Hi all,
I think D has a lot to offer technical computing:
- the speed and modeling power of C++
- GC for clean API design
- reflection for automatic bindings
And technical computing has a lot to offer D:
- users
- API writers
- time in the minds of people who teach
Multidimensional array support is important for this exchange to
happen, so as a D user and a computer vision researcher I'm glad
to see it's being addressed! However, I'm interested in hearing
more about the rationale for the design decisions made concerning
pull request #443. My concern is that this design may be
ignoring some of the lessons the SciPy community has learned over
the past 10+ years. A bit of elaboration:
In Python, slicing and indexing were originally separate
operations. Custom containers would have to define both
`__getitem__(self, key)` and `__getslice__(self, start, end)`.
This is where D is now. Python then deprecated `__getslice__`
and decided `container[start:end]` should translate to
`container[slice(start, end)]`: the slicing syntax just became
sugar for creating a lightweight slice object (i.e. a "range
literal"), but it only worked inside an index expression. If I
understand correctly, this is similar in spirit to the solution
the D community seems to be converging upon. This solution
enables multidimensional slicing, but needlessly prohibits the
construction of range literals outside of an index expression.

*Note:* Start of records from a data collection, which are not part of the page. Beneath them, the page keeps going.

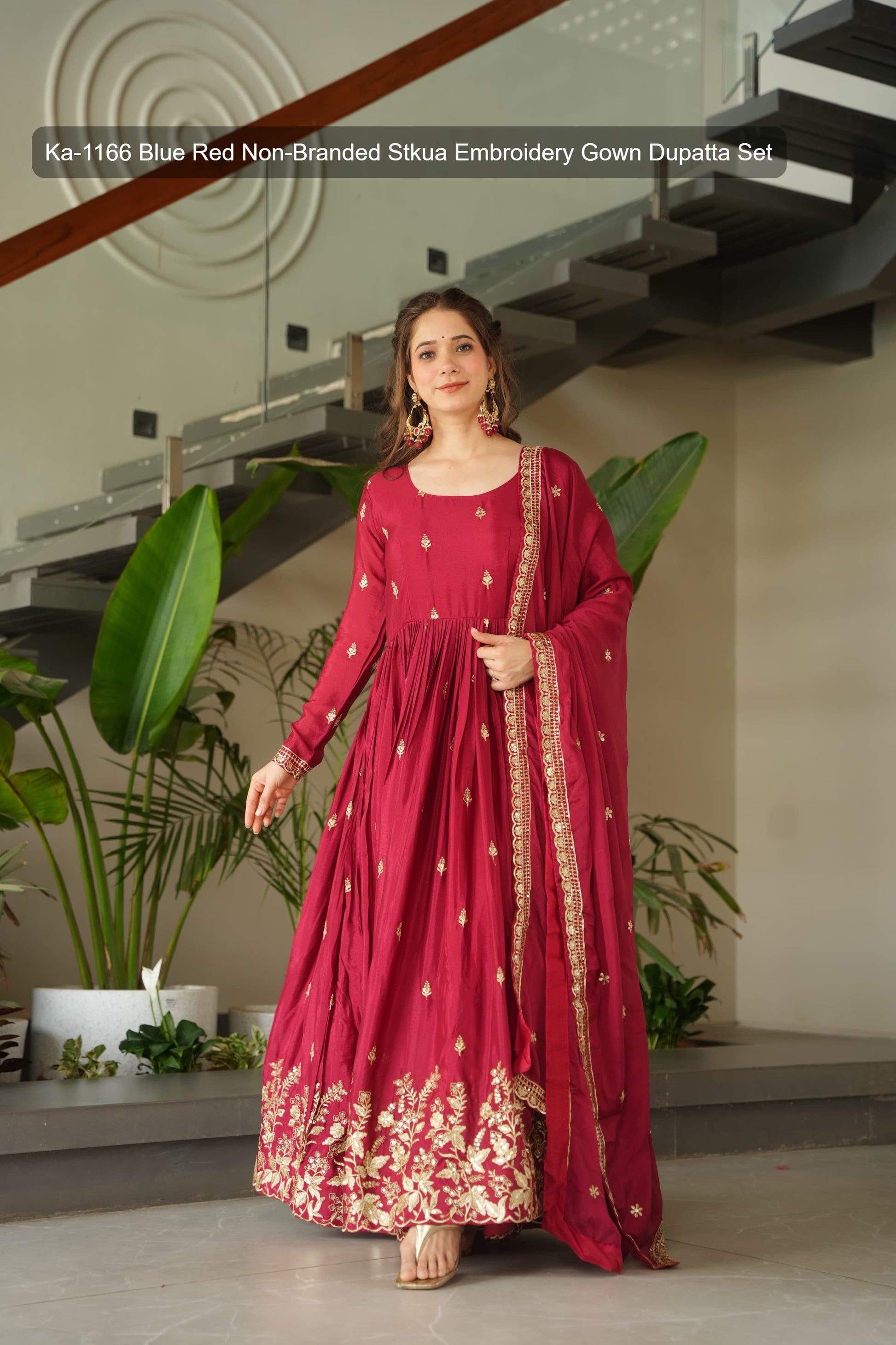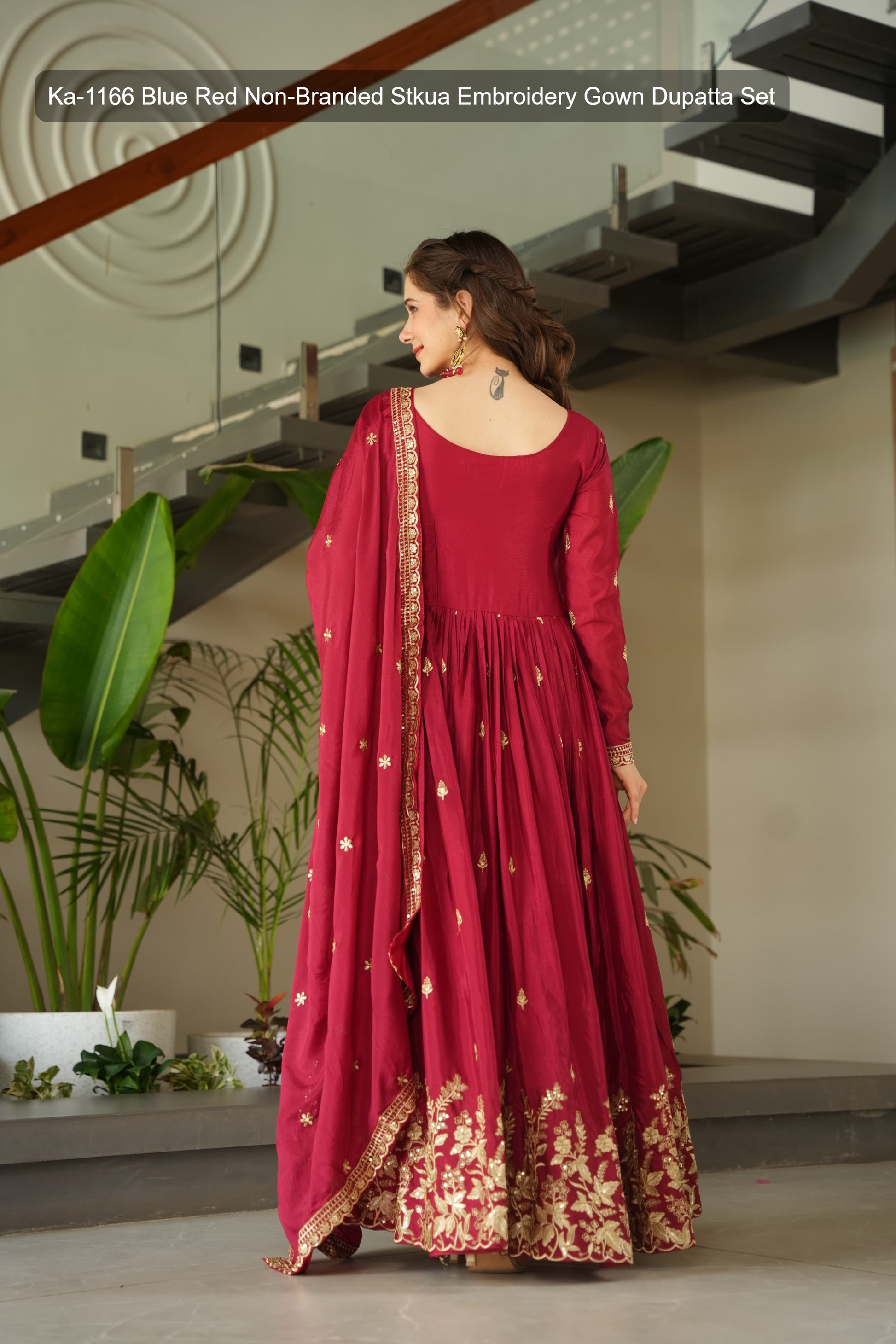 Ka-1166 Blue Red Non-Branded Stkua Embroidery Gown Dupatta Set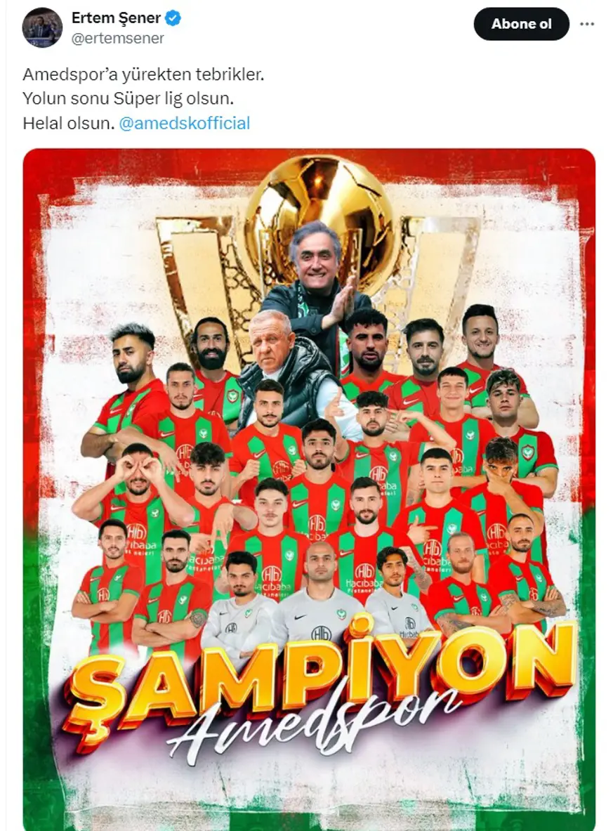 X medya hesabından paylaşımda bulunan Beyaz TV’de yayınlanan Beyaz Futbol programının moderatörü Ertem Şener paylaşımında, “Amedspor’a yürekten tebrikler. Yolun sonu Süper lig olsun. Helal olsun” ifadelerine yer verdi.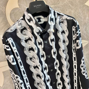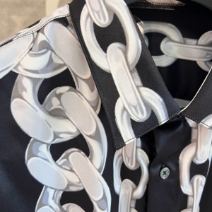 체인 프린트가 특징인 블랙/그레이 컬러 셔츠입니다. M부터 XXXL까지 다양한 사이즈로 제공됩니다.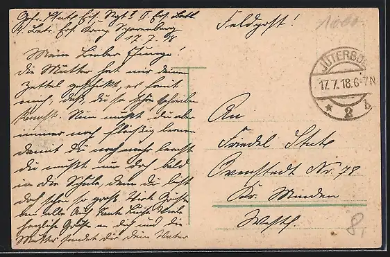 alte Ansichtskarte, gelaufen 1918, guter Zustand
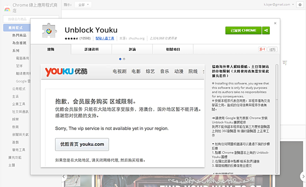 插件網址:https://chrome.google.com/webstore/detail/unblock-youku/pdnfnkhpgegpcingjbfihlkjeighnddk/details?hl=zh-TW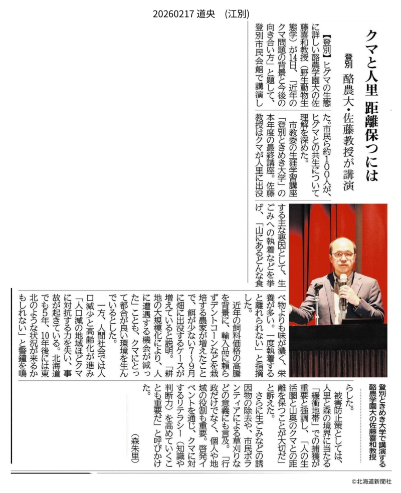 2026年2月17日(火)の北海道新聞14面(江別)に、本学環境共生学類 佐藤喜和教授が登別市で行った講演についての記事が掲載されました。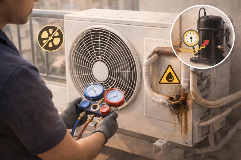 Có thể máy nén, motor quạt hoặc các thiết bị quan trọng khác có thể đã bị hư hỏng, gây ra sự cố không khởi động được máy lạnh. Vấn đề này thường sẽ cần sự can thiệp của một kỹ thuật viên chuyên nghiệp để sửa chữa hoặc thay thế các thiết bị hư hỏng.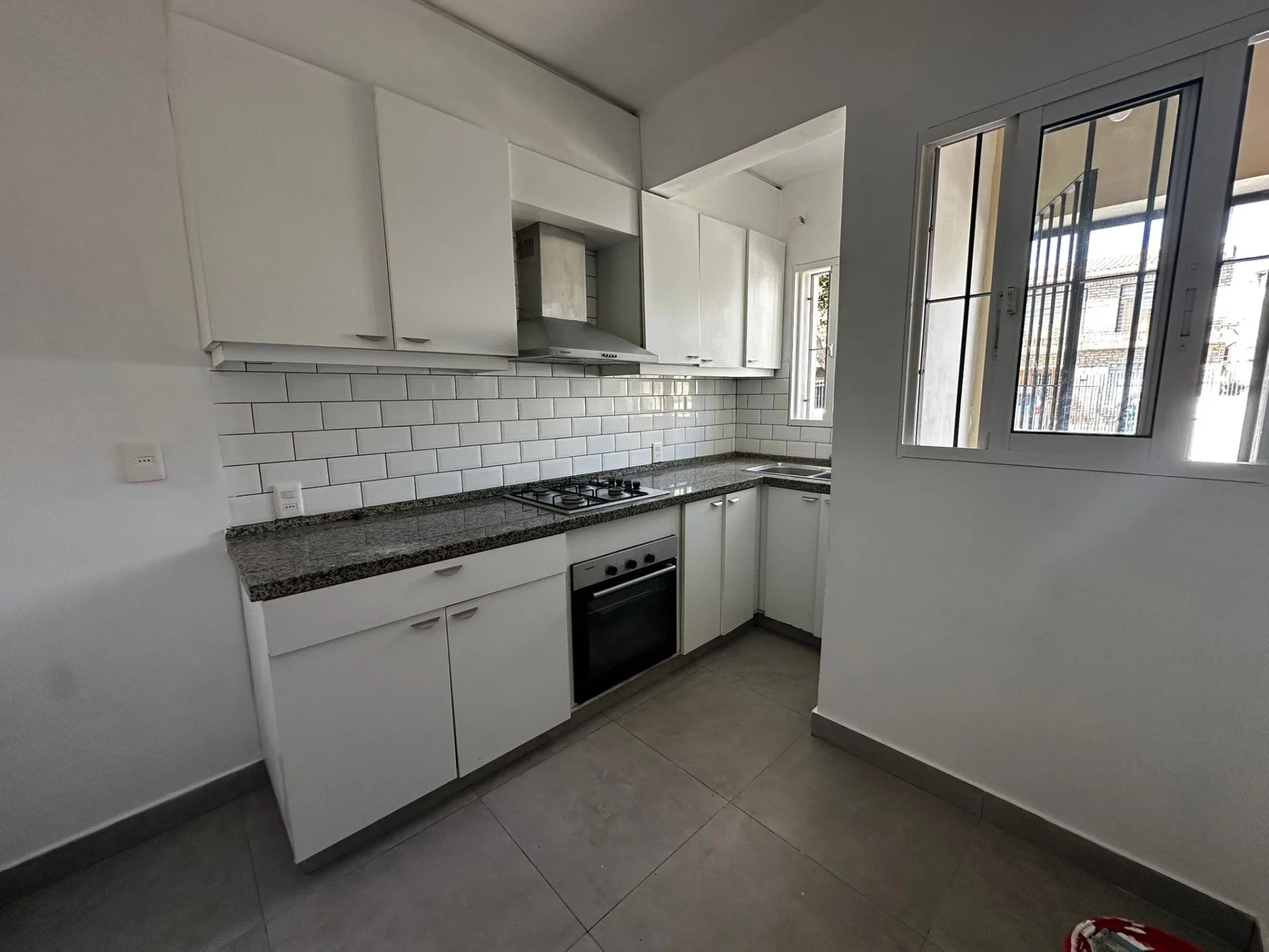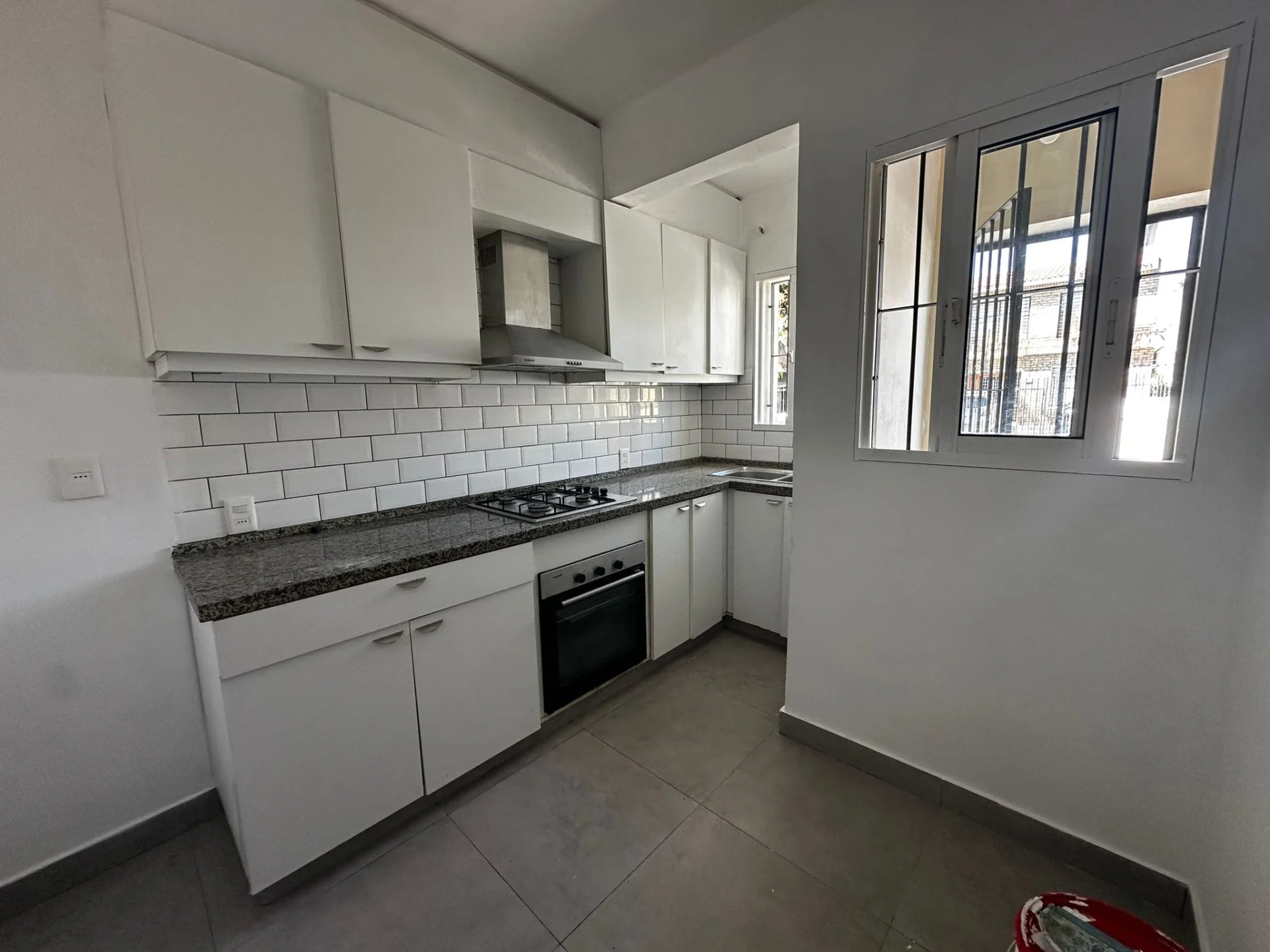 Planta Baja: living comedor con pisos plastificados, cocina definida equipada con anafe, horno empotrado y placares aéreos y bajo mesada. Baño social completo.

So, why is this important? One point of view is that
multidimensional slicing is just one of many use cases for a
concise representation of a range of numbers. In more
"specialized" scientific languages, like MATLAB/Octave and Julia,
range literals are a critical component to readable, idiomatic
code. In order to partially make up for this, SciPy is forced to
subvert Python's indexing syntax for calling functions that may
operate on numeric ranges, obfuscating code (e.g.
http://docs.scipy.org/doc/numpy/reference/generated/numpy.r_.html).
I point this out because it (fortunately) seems like D is in a
position to have range literals while maintaining backwards
compatibility and reducing language complexity (details are
below). I'd like to hear your thoughts about range literals as a
solution for multidimensional indexing: whether it's been
proposed, if so, why is was decided against, what its
disadvantages might be, whether they're compatible with the work
already done on this front, etc.
===================
Range Literals in D
===================
// Right now this works:
foreach (i; 0..10) doScience(i);
// And this works:
auto range = iota(0, 10);
foreach (i; range) doScience(i);
// So why shouldn't this work?
auto range = 0..10;
foreach (i; range) doScience(i);
// Or this?
auto range = 0..10;
myFavoriteArray[range] = fascinatingFindings();
// Or this?
auto range = 0..10;
myFavoriteMatrix[0..$, range] = fascinating2DFindings();
// `opSlice` would no longer be necessary...
myMap["key"]; // calls `opIndex(string);`
myVector[5]; // calls `opIndex(int);`
myMatrix[5, 0..10]; // calls `opIndex(int, NumericRange);`
// But old code that defines `opSlice` could still work (like in
Python).
myVector[0..10]; // If `opIndex(NumericRange)` isn't defined,
// fall back to`opSlice`.
// `ForeachRangeStatement` would no longer need to exist as an
odd special case.
// The following two statements are semantically equivalent, and
with range
// literals, they'd be instances of the same looping syntax.
foreach (i; 0..10) doScience();
foreach (i; iota(0, 10)) doScience();
// Compilers would, of course, be free to special-case `foreach`
loops
// over range literals, if it's helpful for performance.
On Wednesday, 12 March 2014 at 13:55:05 UTC, Kenji Hara wrote:
2014-03-08 10:24 GMT+09:00 Andrei Alexandrescu <
seewebsiteforem...@erdani.org>:
I agree and sympathize.
I finished to update my pull request #443. Now it is active.